Armin Mohler

Armin Mohler (12 April 1920 – 4 July 2003) was a Swiss-born far right political writer and philosopher associated with the Neue Rechte movement.

Life

Born in Basel, Mohler studied at the University of Basel where for a time he supported communism. He was called up to the Swiss army at the age of 20 but, after reading the works of Oswald Spengler and the German invasion of the Soviet-Union in June 1941, he became a supporter of Nazi Germany and defected to that country in 1942 with the aim of joining the Waffen SS. Mohler was not trusted by SS-authorities and they refused to accept him.
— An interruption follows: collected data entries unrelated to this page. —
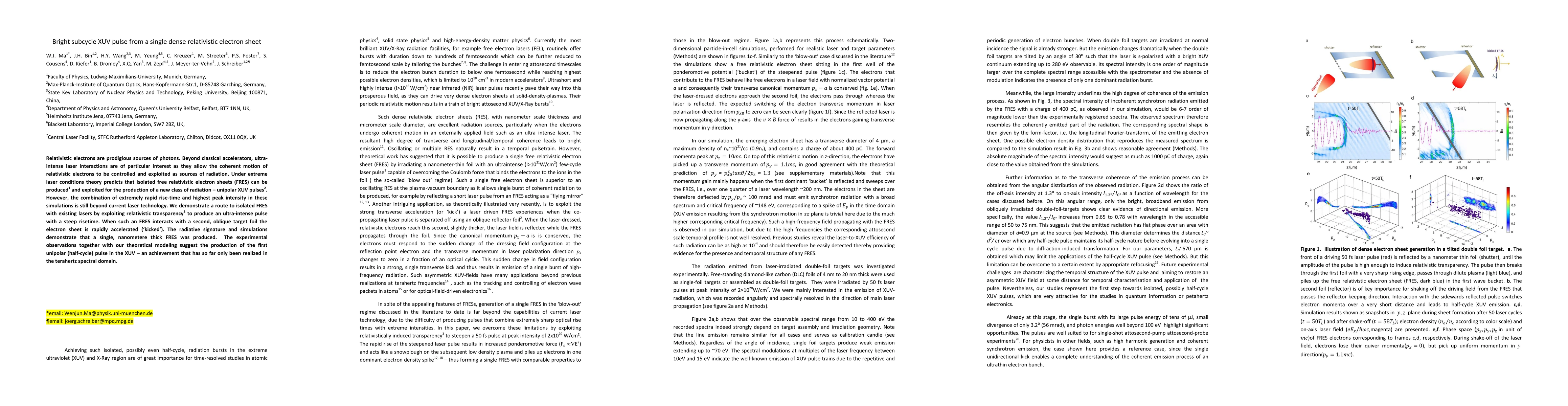 Relativistic electrons are prodigious sources of photons. Beyond classical accelerators, ultra-intense laser interactions are of particular interest as they allow the coherent motion of relativistic electrons to be controlled and exploited as sources of radiation. Under extreme laser conditions theory predicts that isolated free relativistic electron sheets (FRES) can be produced and exploited for the production of a new class of radiation - unipolar extreme ultraviolet(XUV) pulses. However, the combination of extremely rapid rise-time and highest peak intensity in these simulations is still beyond current laser technology. We demonstrate a route to isolated FRES with existing lasers by exploiting relativistic transparency to produce an ultra-intense pulse with a steep rise time. When such an FRES interacts with a second, oblique target foil the electron sheet is rapidly accelerated ('kicked'). The radiation signature and simulations demonstrate that a single, nanometer thick FRES was produced. The experimental observations together with our theoretical modeling suggest the production of the first unipolar (half-cycle) pulse in the XUV - an achievement that has so far only been realized in the terahertz spectral domain.
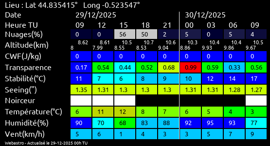 Note: Le "Met'astrogramme" est un tableau recapitulant les prévisions de différents paramètres pour estimer les conditions lors d'observation du ciel.
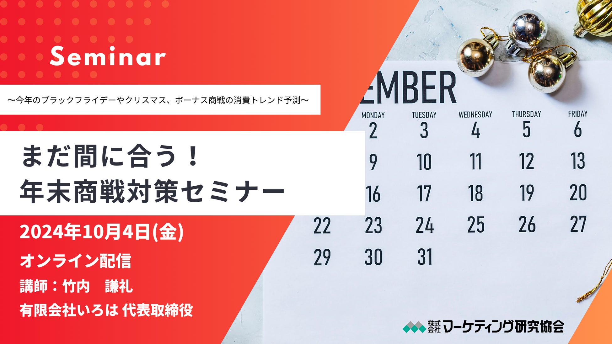 株式会社マーケティング研究協会は2024年10月4日に無料オンラインセミナー「まだ間に合う!年末商戦対策セミナー」を開催します。ブラックフライデーやクリスマス、ボーナス商戦の消費トレンドを予測します。
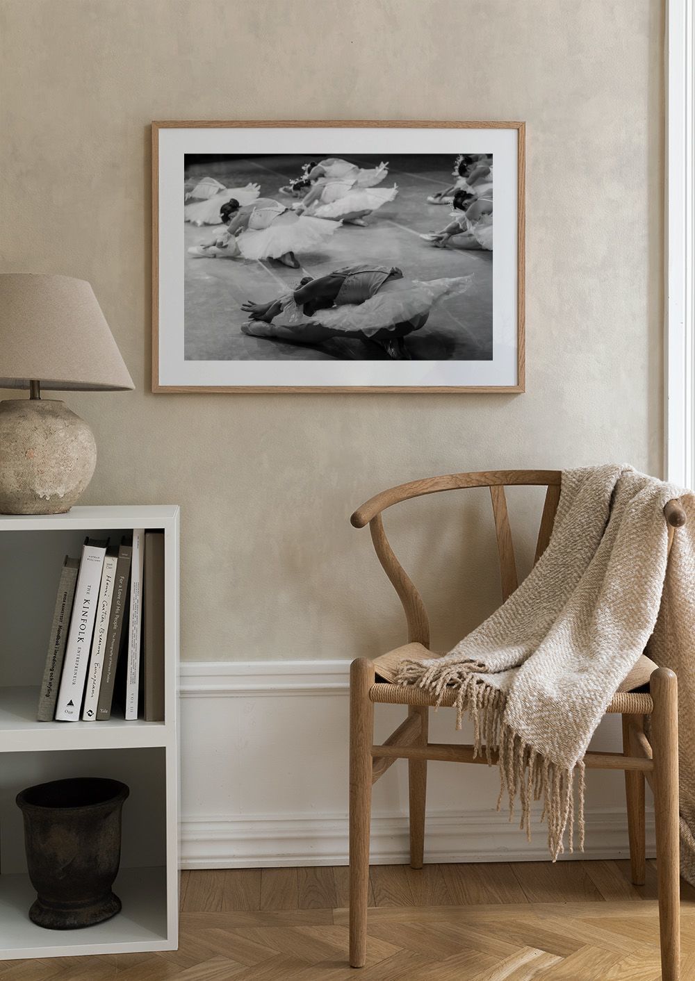 優雅なポーズで床に座るバレエダンサーたち。明るい色のチュチュを着て、髪は飾りのついたきれいなお団子にまとめています。白黒の写真が、クラシックで美しい雰囲気を作り出すポスターです。

Despite of that he remained in Berlin for another year before returning to Switzerland, where he was incarcerated for desertion.

After World War II he returned to study in Berlin and completed his doctoral thesis Die Konservative Revolution in Deutschland 1918-1932 (The Conservative Revolution in Germany, 1918-1932) under Karl Jaspers in 1949. The aim of his thesis was not merely scientific, but also providing old traditions for new pathways for a non-national socialist Right in post-war Germany. In the same year, he worked as a secretary for his idol Ernst Jünger, but increasingly felt that Jünger had become too moderate for his taste after the end of the war.
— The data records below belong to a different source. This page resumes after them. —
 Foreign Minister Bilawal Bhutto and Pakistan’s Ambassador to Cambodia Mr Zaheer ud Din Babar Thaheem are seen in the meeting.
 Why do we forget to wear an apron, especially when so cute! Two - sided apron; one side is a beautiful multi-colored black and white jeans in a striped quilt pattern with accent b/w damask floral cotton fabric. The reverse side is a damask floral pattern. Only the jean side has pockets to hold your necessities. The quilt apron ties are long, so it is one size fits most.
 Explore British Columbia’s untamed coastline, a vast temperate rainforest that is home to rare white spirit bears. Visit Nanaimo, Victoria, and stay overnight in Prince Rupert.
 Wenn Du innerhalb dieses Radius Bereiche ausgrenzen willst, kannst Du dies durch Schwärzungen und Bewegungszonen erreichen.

Mohler went on to work as a correspondent in Paris for Die Zeit from 1953 to 1961. After that he lived in Munich, leading the Carl Friedrich von Siemens Foundation. For a brief period he worked as a speech writer for Franz Josef Strauß,[1] but his influence was marginal. In 1967, he became the first to receive the Konrad Adenauer Prize, which provoked strong media attacks on him.
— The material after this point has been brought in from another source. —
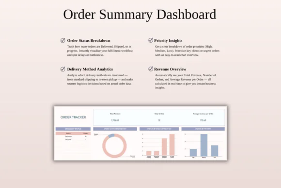 This template helps you stay in control of your sales and fulfillment process without needing expensive software or monthly subscriptions. You can track every order from entry to delivery, monitor revenue, manage priorities, and review order performance in one spreadsheet.
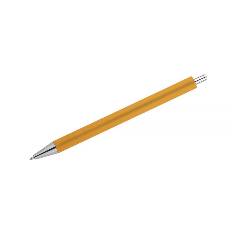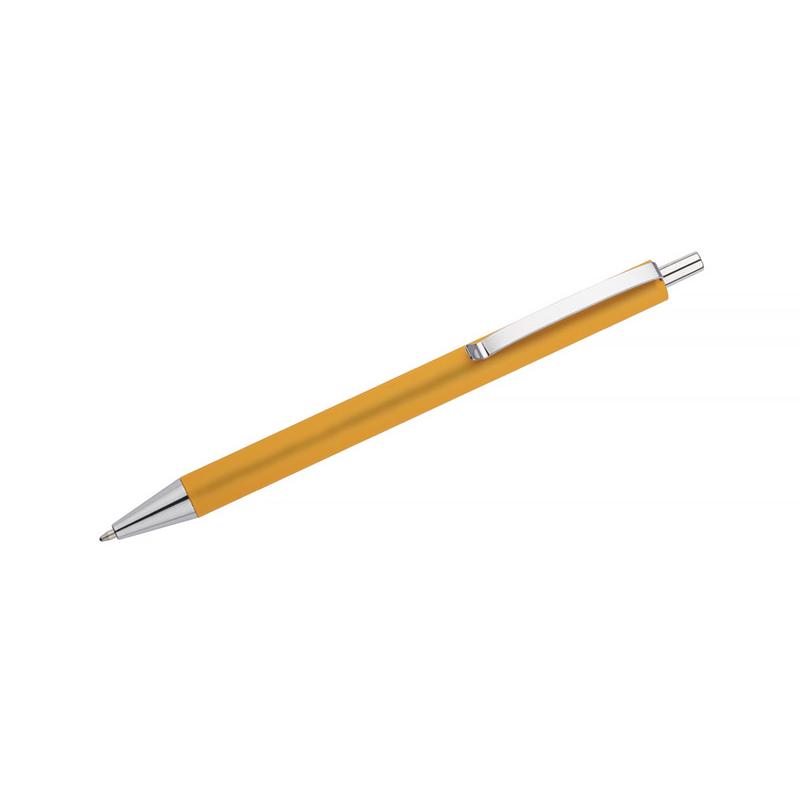 Długopis NOVI wykończony przyjemna w dotyku gumowana powierzchnią z chromowanymi elemantami w kolorze srebrnym. Wkład w kolorze niebieskim.

In 1970 he became a major contributing editor to Caspar von Schrenck-Notzing's conservative monthly magazine Criticon, Germany's most important platform for non-mainstream conservative thought for almost three decades. He died in Munich in 2003 at the age of 83.

Writings and ideas

Mohler's seminal work is his book Die Konservative Revolution in Deutschland 1918-1932 (The Conservative Revolution in Germany, 1918-1932) (initially his doctoral thesis) which tried to unearth Weimar Republic right-wing thought and tradition apart from and alternative to National-Socialism. Amongst the most crucial thinkers of the "Conservative Revolution" he counted Ernst Jünger, Oswald Spengler, Carl Schmitt, Ernst Niekisch, Hans Blüher and Thomas Mann (before his turn to liberalism).

Mohler was one of the first German publishers to write about the ideas of his long-time friend Alain de Benoist, founding father of the Nouvelle Droite. Similar as Benoist, Mohler advocated a Right that would oppose both socialism and liberalism, with a decided emphasis on the latter. According to Michael Minkenberg, Mohler's ideas owed more to the Nouvelle Droite strain associated with GRECE than the Ostpolitik-derived ideas of a strong German state associated with contemporaries such as Robert Spaemann and Gerd-Klaus Kaltenbrunner.[2]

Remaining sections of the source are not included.